(DATASET CONTENT Opens)

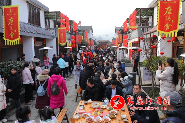 走進石泉縣中壩作坊小鎮(zhèn),大紅燈籠高高掛,山貨特產(chǎn)來云集,洋溢著喜慶的過年氛圍。隨著打連錢、舞彩獅、抬花轎、采蓮船等民俗展演活動開始,中壩文化休閑廣場上人山人海,熱鬧非凡。陜北民歌手、安康小場子、漢調二黃等非遺傳承“文化走親”活動,更是給廣大游客和城鄉(xiāng)群眾帶來豐富多彩的文化體驗。“上菜嘍——”隨著一聲長長的吆喝聲,最具年俗特色的庖湯宴開始了,方桌板凳擺長街,用剛剛宰殺的新鮮豬肉烹飪出的各色陜南傳統(tǒng)美食,吸引了眾多鄉(xiāng)親和游客來品嘗。
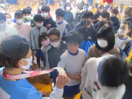 最後には、宮島選手から銀メダルを見せていただきました。「分厚いね」「重そう」「きれい」などと、銀メダルの重みを感じながら、宮島選手との交流を終えました。その後、全員で宮島選手に感想と感謝の手紙を書きました。子どもたちにとって、記憶に残る一日になりました。
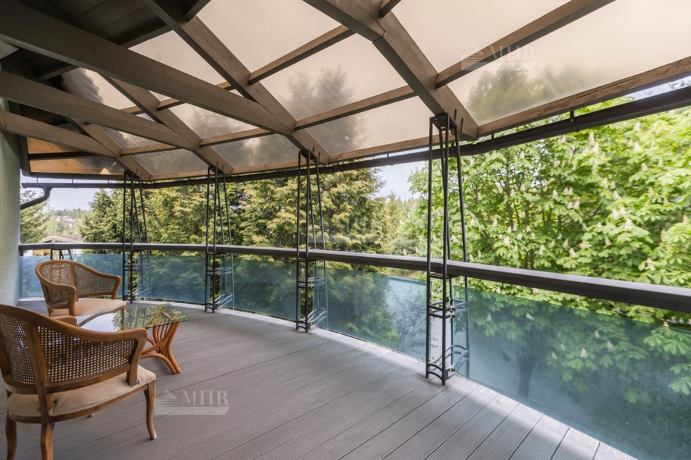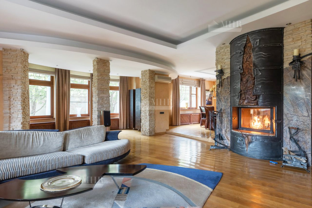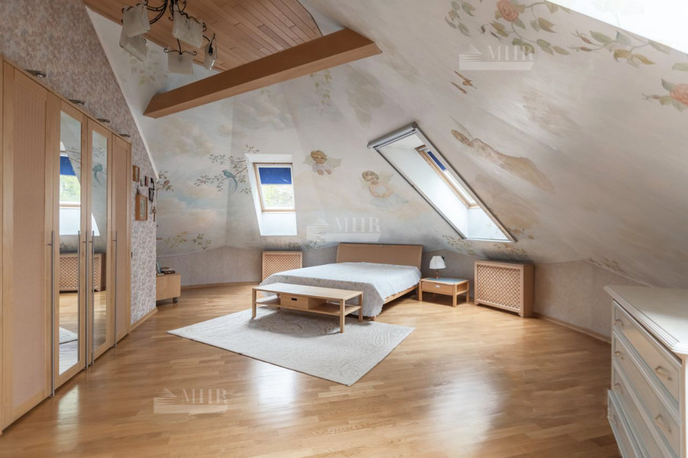 2 этаж: главная спальная с камином и выходом на малую террасу, 2 дополнительные гостевые спальни. Каждая спальня имеет отдельную ванную комнату, просторный кабинет и библиотека.
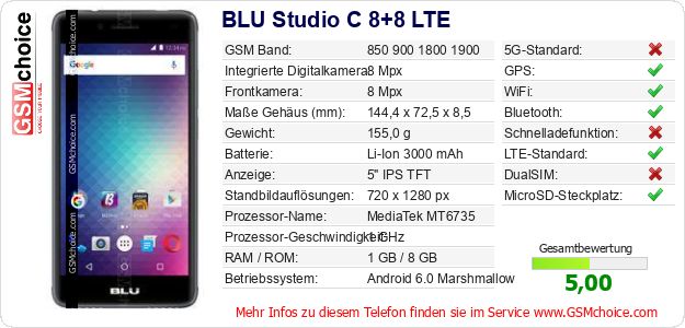 Hast du eigene Webseite? Willst du die Informationen über Standarddaten des Handys BLU Studio C 8+8 LTE irgendwo veröffentlichen? Das ist sehr einfach. Du kannst das Bild herunterladen oder kopieren und auf der Webseite folgenden Code hinzufügen:Das Einfügen von diesem Code verursacht das Anzeigen von dem folgenden Bild:
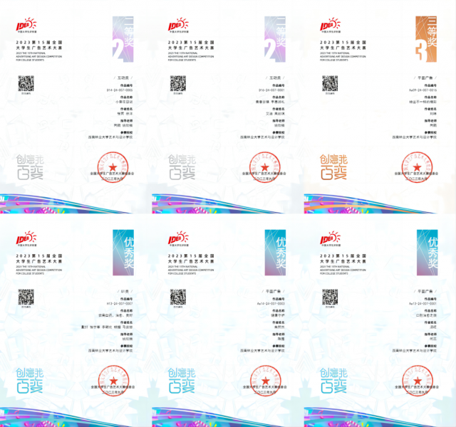 在2023年全国大学生广告艺术大赛中,由我院教师王艳、何蕊、陈露、向鹏、姚欣楠、代沁伶、李兴蓉、杨柳春等老师指导的学生共获得省级一等奖2项,二等奖6项,三等奖11项,优秀奖45项。进入国赛后由向鹏老师指导的学生张芮、徐洋参赛作品《小葵花日记》,姚欣楠老师指导的学生艾迪、高丝琪参赛作品《青春古镇丰惠游礼》喜获国赛二等奖,向鹏老师指导的学生刘琳参赛作品《绘出不一样的精彩》喜获国赛三等奖,何蕊、陈露、向鹏、姚欣楠老师指导的学生还分别荣获国赛优秀奖6项。
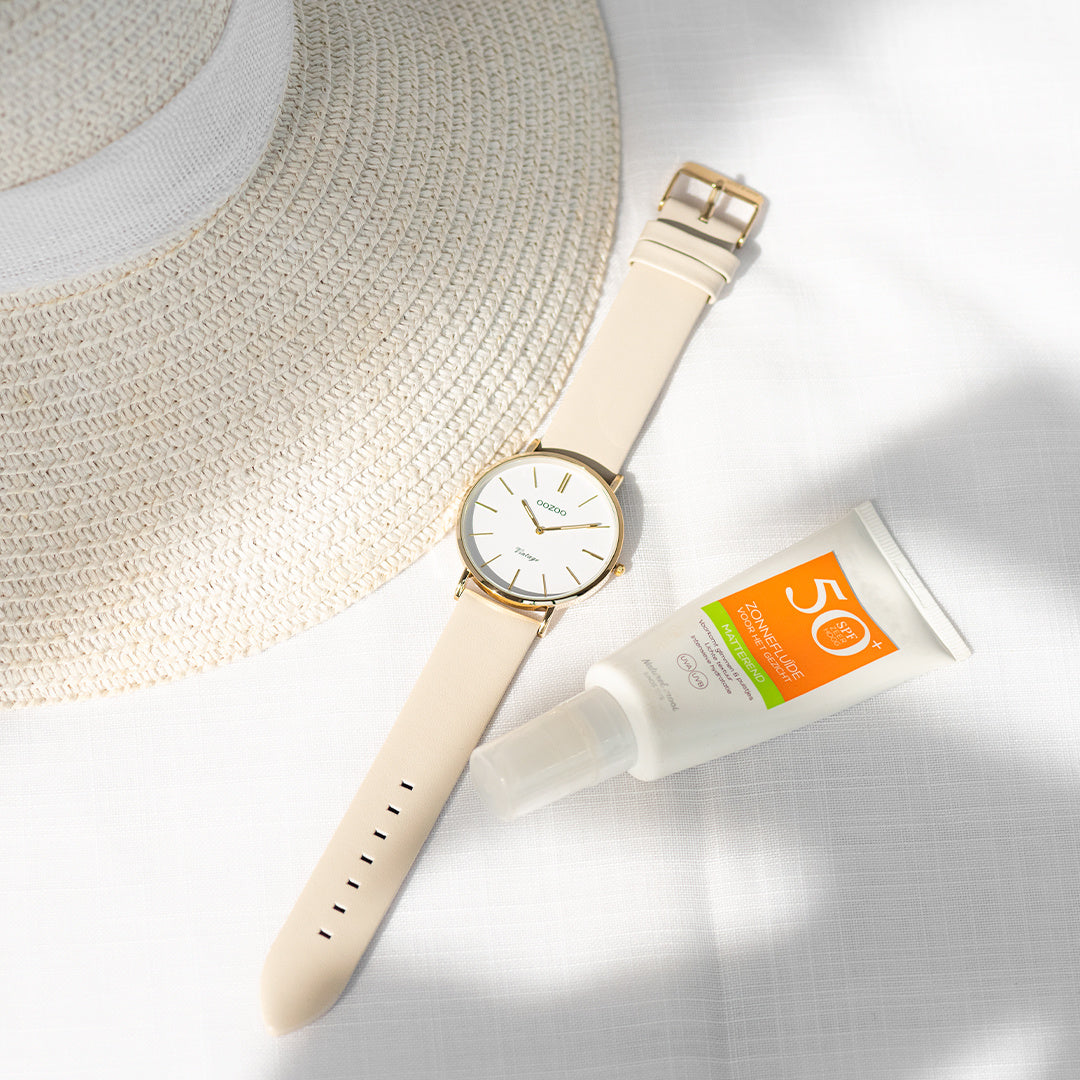 OOZOO Vintage - C20253 - Damen - Leder-Armband - Gold/Hell-Beige 40mm M

(DATASET CONTENT Closes)

I would like the lines from the one with "2 этаж: главная" through the last line of the data above retyped exactly, with pictures left out, please.

 2 этаж: главная спальная с камином и выходом на малую террасу, 2 дополнительные гостевые спальни. Каждая спальня имеет отдельную ванную комнату, просторный кабинет и библиотека.
 Hast du eigene Webseite? Willst du die Informationen über Standarddaten des Handys BLU Studio C 8+8 LTE irgendwo veröffentlichen? Das ist sehr einfach. Du kannst das Bild herunterladen oder kopieren und auf der Webseite folgenden Code hinzufügen:Das Einfügen von diesem Code verursacht das Anzeigen von dem folgenden Bild:
 在2023年全国大学生广告艺术大赛中,由我院教师王艳、何蕊、陈露、向鹏、姚欣楠、代沁伶、李兴蓉、杨柳春等老师指导的学生共获得省级一等奖2项,二等奖6项,三等奖11项,优秀奖45项。进入国赛后由向鹏老师指导的学生张芮、徐洋参赛作品《小葵花日记》,姚欣楠老师指导的学生艾迪、高丝琪参赛作品《青春古镇丰惠游礼》喜获国赛二等奖,向鹏老师指导的学生刘琳参赛作品《绘出不一样的精彩》喜获国赛三等奖,何蕊、陈露、向鹏、姚欣楠老师指导的学生还分别荣获国赛优秀奖6项。
 OOZOO Vintage - C20253 - Damen - Leder-Armband - Gold/Hell-Beige 40mm M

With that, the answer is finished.